3) Ajustes individuais (bike fit), manutenção preventiva e limpeza.

Ergonomia é tudo numa bicicleta. Pequenos ajustes podem transformar a experiência de pedalar, evitar lesões e expandir horizontes em cima de uma bicicleta. Aprenda a lógica por trás da altura correta do selim, do ângulo certo do selim, da distância ideal entre o selim e o guidão, da melhor altura para o guidão, do guidão ideal, entre outros ajustes. A largura e a pressão dos pneus pode transformar uma bicicleta. A pressão na suspensão pode fazer muita diferença também. Lubrificação, troca de peças, lavagem e limpeza.

4) Mecânica de emergência com e sem ferramentas adequadas.

Kit básico de mecânica de emergência, compacto e ultraleve. Aprenda truques para resolver problemas como: câmara de ar furada ou rasgada, pneu rasgado, corrente quebrada, roda desalinhada, pastilhas de freio gastas, câmbio desajustado, câmbio quebrado, gancheira quebrada, etc. Ajustes e consertos com e sem ferramentas apropriadas. Aprender a improvisar é fundamental no BIKEPACKING.

5) Transporte de equipamento na mountain bike.

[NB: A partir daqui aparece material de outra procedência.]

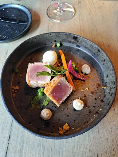 Read moreNous avons passé un moment délicieux en soirée, à 4 personnes. Dès l'accueil, les attentions sont chaleureuses, et l'ambiance du lieu l'est tout autant. Le service, assuré par la patronne, est soigné. Elle distille toute la passion qui l'anime avec une délicatesse et un bel esprit d'à-propos, rendant chaque présentation de plat captivante. Le Chef fait preuve d'une superbe créativité et les assiettes sont à chaque fois découverte et délectation. Le Chef qui prend le temps après son service de se rendre à chaque table avec discrétion, mais néanmoins sympathie sincère. L'occasion pour nous de passer, avec son épouse et lui, un très bon moment où ils ont généreusement partagé leur savoir culinaire et gustatif. Que du plaisir. Nous...

Transportar o mínimo possível de equipamento sem abrir mão da segurança é a chave da questão. O posicionamento e a localização de peso na bicicleta pode transformar a experiência de pedalar num sofrimento, além de limitar velocidade, distância, tipo de terreno e danificar a bicicleta. Bolsas específicas para BIKEPACKING, bike trailers e outras formas de transporte de equipamento em viagens de bicicleta formam uma das maiores evoluções na modalidade. Em paralelo, a diminuição de peso e volume no equipamento de acampamento selvagem ampliaram muito as possibilidades do esporte. O BIKEPACKING é muito diferente do cicloturismo tradicional nesse sentido.

6) Equipamento específico e improvisado para BIKEPACKING.

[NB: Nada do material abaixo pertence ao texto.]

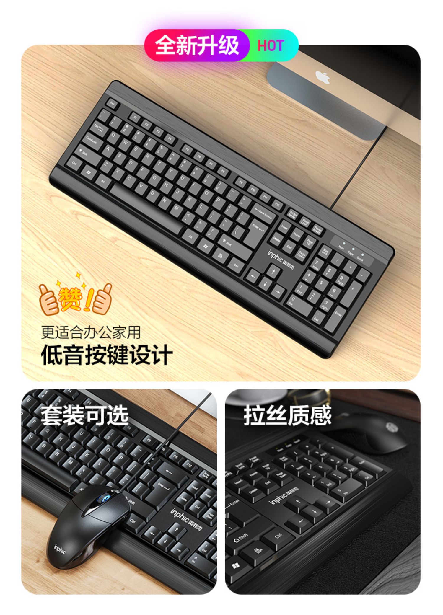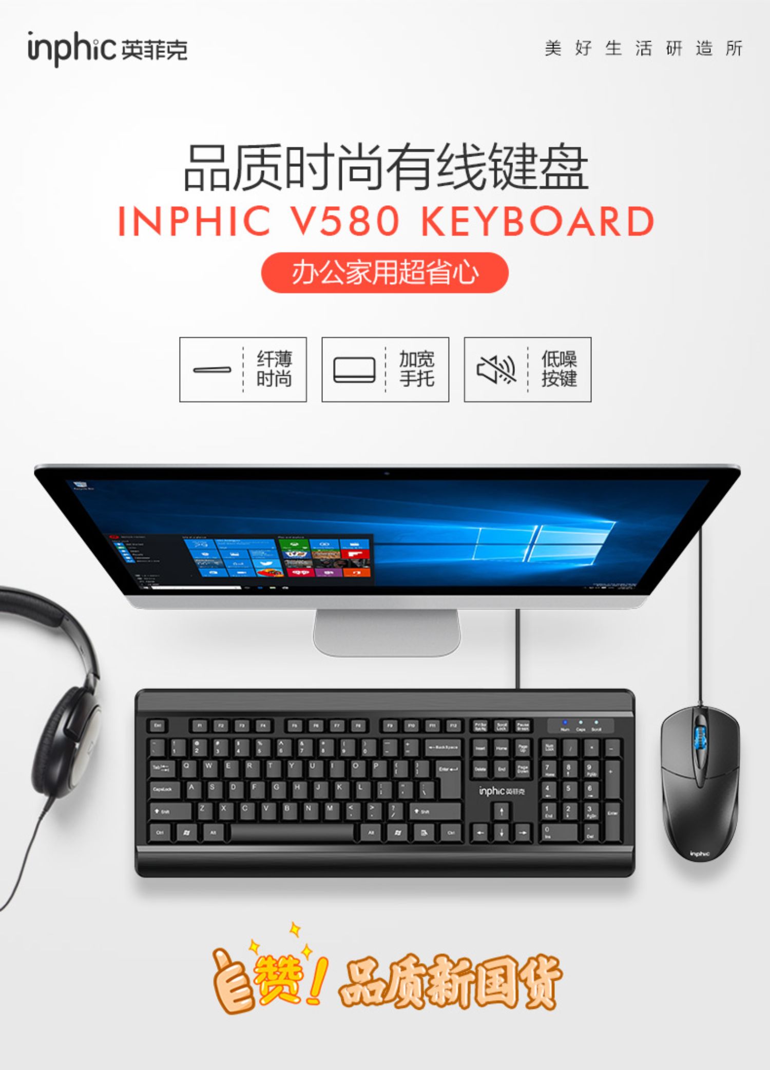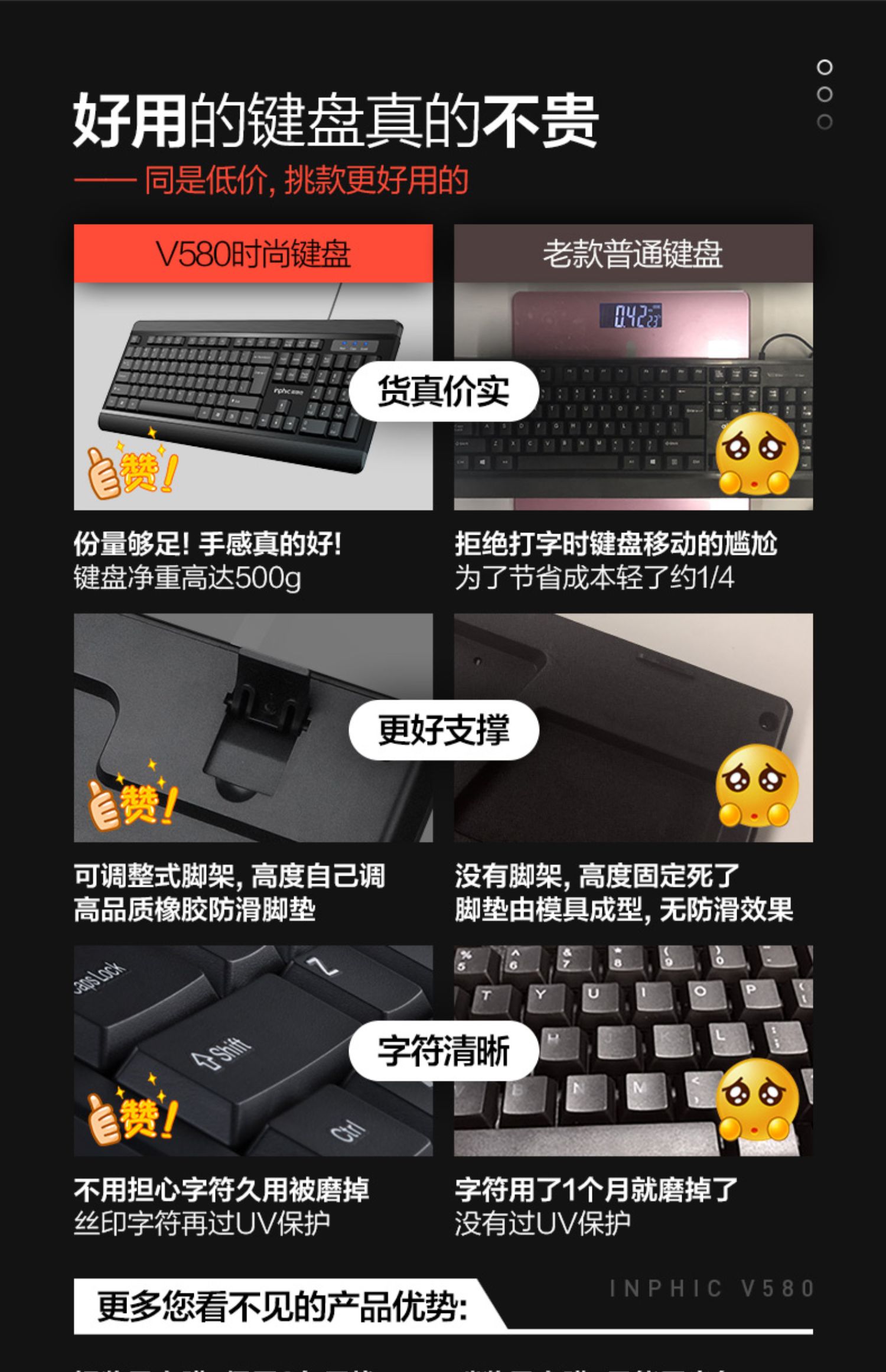 首页>数码家电>英菲克v580键盘鼠标套装有线台式电脑家用机械手感USB外接笔记本防水静音无声办公专用打字外设电竞游戏键鼠

O equipamento específico para BIKEPACKING pode ser divido em cinco categorias: “transporte de bagagem”, “acampamento”, “roupas e calçados”, “alimentação e hidratação” e “acessórios”. O segredo é escolher bem as três primeiras categorias e tentar reduzir ao máximo reduzir a duas últimas. Bolsa de quadro, bolsa de selim, bolsa de guidão, bolsas de cockpit, mochilas, etc. Barracas, bivaques, redes de dormir. Tipos de sacos de dormir e isolantes térmicos. Fogareiros a gás, benzina ou álcool. Tipos de panelas. Roupas e calçados técnicos e ultraleves. Descubra a diferença entre equipamento convencional e equipamento ultraleve.

7) Acampamento selvagem ultraleve e de mínimo impacto ambiental.

Como escolher e armar acampamento selvagem usando desde barracas até sacos de bivaque. Entenda o conceito de “sistema de dormir”. Como cozinhar usando fogareiros e utensílios ultraleves. Dicas de culinária eficiente, leve e compacta. Como acampar causando o mínimo de impacto ambiental possível. Aula prática com pernoite em acampamento selvagem e preparação de jantar e café da manhã.

8) Preparação e organização de viagens em estilo BIKEPACKING.

Pesquisa de roteiros, mapeamento a distância, coleta de informações essenciais, preparação de material de suporte em campo (tracklogs, mapas, planilhas, etc.), escolha de equipamento.

9) Primeiros socorros, situações de emergência e planos de resgate e auto-resgate.

Vacinação, contratação de seguro acidente e outras dicas de preparação e antecipação aos problemas. Noções básicas de primeiros socorros (contusões, entorses, fraturas, queimaduras, insolação, desidratação, hipotermia, etc.), montagem de kit de primeiros socorros, planejamento prévio de resgate de vítimas e auto-resgate. Tecnologia de apoio.

SCOTT SCALE 710 PLUS de Guilherme Cavallari pronta para BIKEPACKING

EQUIPAMENTO NECESSÁRIO

Alunos do CURSO DE BIKEPACKING em frente ao REFÚGIO KALAPALO, abril de 2018.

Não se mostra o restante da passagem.